Угощавшая меня соседка видела, что я не ем хлеба, и несколько раз подходила ко мне, показывая, чтобы я ела суп с хлебом. Потом, должно быть поняв, почему я не ем хлеб, она показала, что даст еще хлеба, который я могу понести домой. Я поверила соседке, съела все то, что она мне дала, а другой кусок хлеба понесла маме, радуясь тому, что имею возможность покормить её немножко.

Получая в клинике хорошее питание, я, естественно, вспоминала о матери и не сразу привыкла к такой простой мысли, что матери уже давно со мной нет и что я совершенно свободно могу есть все, что мне дают в клинике или в гостях у подруг или сотрудников нашей клиники. Но меня абсолютно это не радовало ибо мне гораздо приятнее было делиться с мамой, особенно чем-нибудь очень вкусным.

Я уже сказала о том, что в клинике ко мне все сотрудники относились так хорошо, так заботливо, что мне незачем было тосковать слишком долго. Теперь мне хочется написать о том, как я понимала отношение сотрудников и воспитанников ко мне и как я сама относилась к тем и другим.

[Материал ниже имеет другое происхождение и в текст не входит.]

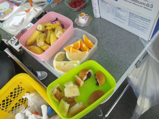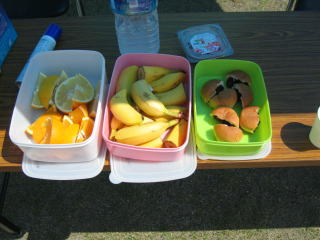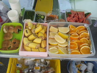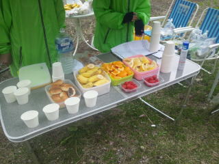 アンパン2切れ、バナナ1切れ、スポーツドリンク2杯いただきました。

Те хорошие бытовые и материальные условия, в которых я находилась в клинике, мне очень нравились, я только боялась, что меня могут опять куда-нибудь перевезти, где мне будет хуже. Не понимать того, что меня окружили заботой, хорошим человеческим отношением и бытовыми удобствами, я не могла: ведь все то я ощущала и чувствовала на каждом шагу и во всем. Одного я не могла понять некоторое время: зачем меня привезли в это хорошее место и что со мной будут делать здесь?

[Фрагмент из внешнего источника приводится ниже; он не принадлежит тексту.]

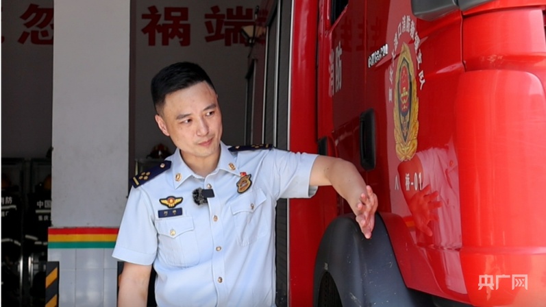 刘娱讲解消防车相关知识(央广网发 杨袖俪 摄)
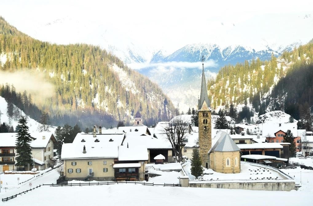這是1月18日在瑞士東部圣莫里茨通往達沃斯的火車上拍攝的窗外雪景。新華社記者 連漪 攝

Удивляло меня и было непонятным еще и то обстоятельство, что нас, детей, было немного, а занимали мы несколько комнат. Правда, это было хорошо, ибо благодаря именно этому простору мы не мешали друг другу, не сталкивались друг с другом на каждом шагу, как это бывает в тесноте. У каждого воспитанника был свой отдельный и определенный угол с игрушками, отдельный столик и стул, где можно было также раскладывать игрушки или просто спокойно посидеть. Этого я тоже не понимала, ибо привыкла к тому, что у зрячих детей, с которыми я играла когда-то, таких отдельных уголков, отдельных столиков, отдельных игрушек не бывало. Мне иногда хотелось просто поозорничать: смешать все игрушки вместе, сдвинуть столики и стулья с их определенного места. Хотелось сделать беспорядок во всем этом строгом порядке и в тех случаях, когда я почему-либо сердилась на кого-нибудь из окружавших меня людей, сотрудников и ребят. Ведь не все они одинаково нравились мне. Интересно то, что, если я сердилась на ребят, мне не хотелось вносить беспорядок в их уголок или разбрасывать игрушки, но если я сердилась на кого-нибудь из воспитателей, то у меня бывало большое желание не послушаться их в чем-либо или научить других ребят чему-нибудь такому, что не разрешают делать старшие.

Припоминаю кое-что из того, что меня особенно удивляло в распорядке клиники первое время. Так, например, мне были непонятны следующие обстоятельства: почему все сотрудники, носившие неодинаковые по фасону и материалу платья, надевали, приходя в клинику, еще и другие платья, совершенно одинаковые, распахивавшиеся спереди или сзади. Когда сотрудники брали детей на занятия в лабораторию, они заставляли их надевать на костюмчики и платья эти распахивавшиеся маленькие платья. Мне тоже показали, чтобы я надевала такое платье, когда накрывала стол, а затем когда убирала и мыла посуду. Я должна была надевать это платье и в других случаях, например когда я дежурила в какой-нибудь комнате, где должна была следить за тем, чтобы все вещи находились на своем определенном месте, и вытирать пыль с мебели и подоконников. Собственно говоря, никакой пыли в действительности не было, ибо все комнаты систематически и тщательно убирали технички. Но нас приучали к посильной уборке комнат. Именно это, т.е. как бы игру в уборку, я долгое время не понимала, ибо не ощущала пыли, когда вытирала мебель, поэтому мне казалось, что меня заставляют убирать комнату только для того, чтобы я надела это второе платье и для собственного развлечения терла тряпочкой вещи, на которых не было пыли.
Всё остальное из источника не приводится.